|Classification and external resources|
A barbiturate overdose results when a person takes a larger-than-prescribed dose of barbiturates. Symptoms of an overdose typically include sluggishness, incoordination, difficulty in thinking, slowness of speech, faulty judgment, drowsiness, shallow breathing, and staggering. In severe cases, coma and death can result. The lethal dosage of barbiturates varies greatly with tolerance and from one individual to another.
Barbiturate overdose with other CNS (central nervous system) depressants, such as alcohol, opiates or benzodiazepines, is even more dangerous due to additive CNS and respiratory depressant effects. In the case of benzodiazepines, barbiturates also increase the binding affinity of the benzodiazepine binding sites thus leading to an exaggerated effect of benzodiazepines. This makes the predicting the effect of combinations difficult and the same dose of the same drugs will not always produce the same degree of sedation and respiratory depression as the previous experience.
Benzodiazepines increase the frequency of chloride channel opening while barbiturates increase the duration that the chloride pore remains open. If a normal pore opened once every 30 seconds to pass one chloride ion, a benzodiazepine may cause it to open once every ten seconds while a barbiturate may cause it to remain open until three ions have passed through. Separately, both of these increase the effect of the pore threefold, but together, the channel would allow three ions to pass every 10 seconds. This would exponentially increase the effect of the pore ninefold, greater than the sum of the two drugs effects.
The treatment of barbiturate abuse or overdose is generally supportive. The amount of support required depends on the person's symptoms. If the patient is drowsy but awake and can swallow and breathe without difficulty, the treatment can be as simple as monitoring the patient closely. If the patient is not breathing, it may involve mechanical ventilation until the drug has worn off.
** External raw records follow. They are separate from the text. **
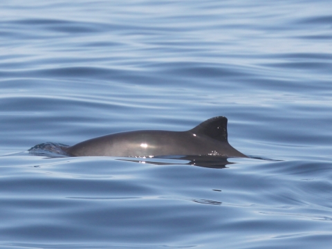 Look out for a small, triangular dorsal fin breaking the surface. Harbour porpoise are small and stocky, with a dark grey back and lighter underbelly. Their faces are rounded and have no beak.
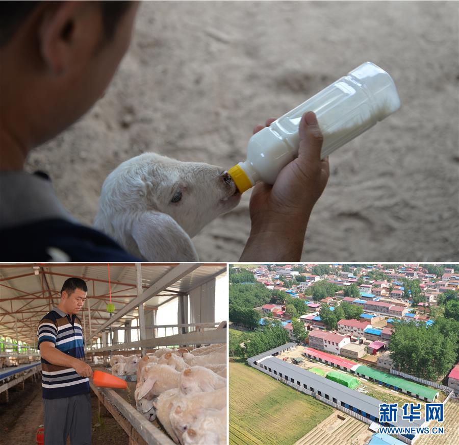 這是一張拼版照片(圖片均為5月16日攝)。上圖:在河南省開封市尉氏縣大橋鄉(xiāng)崗劉村,34歲的丁懿軍在給小羊喂奶;下左圖:丁懿軍在給羊喂食;下右圖:在扶貧政策扶持下,丁懿軍在村頭建了占地8畝的羊養(yǎng)殖場,現(xiàn)養(yǎng)羊800多只(無人機照片)。新華社記者孫清清攝
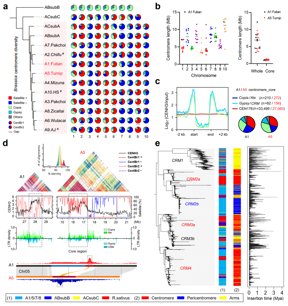 本研究成功组装了9个芸薹属植物基因组,涵盖7个不同白菜型油菜(B. rapa,AA基因组)材料,以及两个异源四倍体物种—芥菜(AABB)和油菜(AACC)。其中,福田品系实现了端粒到端粒(T2T)水平的完整组装。本研究覆盖了A、B、C三大主要基因组谱系,并构建了芸薹属首个系统性的泛着丝粒图谱。结果显示,着丝粒区域被大量反转座子侵入,结构呈现显著多样性:A与C基因组主要富集CEN176卫星序列,而B基因组则因卫星序列缺失,主要由Copia反转座子所替代。进一步分析表明,CentBr2为古老卫星类型,逐渐被CentBr1取代;B基因组中CENH3的突变则导致其卫星序列退化。DNA甲基化与CENH3分布模式表明,功能核心区呈现低CHG甲基化水平并富集CENH3。基于上述发现,本研究提出了芸薹属着丝粒的进化模型,为理解植物着丝粒的动态演化及合成染色体设计提供了新的理论依据。
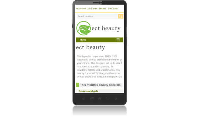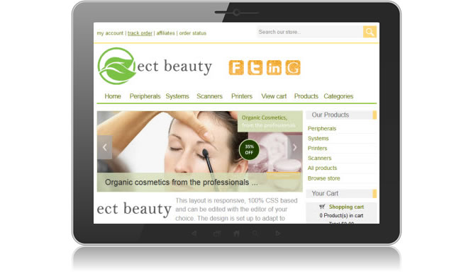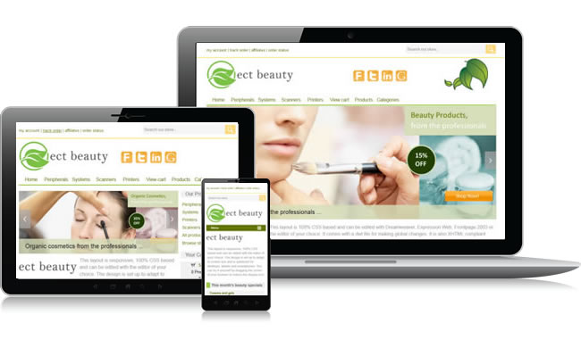 This template is called Responsive Design Beauty and comes with the integrated Ecommerce Templates shopping cart software. It adapts to the size, resolution and orientation of the viewer's screen, meaning it looks great on a desktop computer, laptop, tablet and smartphone. The download provides everything you need to set up your online store, including the backend control panel for product, shipping, tax etc. administration.

Supportive treatment often includes the following:
- Activated charcoal may be given via nasogastric tube.
- Intubation and megamide, or a hand-breather where these are not available until the patient can breathe under their own power.
- Observation in the Emergency Department for a number of hours or admission to the hospital for several days of observation if symptoms are severe.
- Advise the patient about drug misuse or refer for psychiatric consult.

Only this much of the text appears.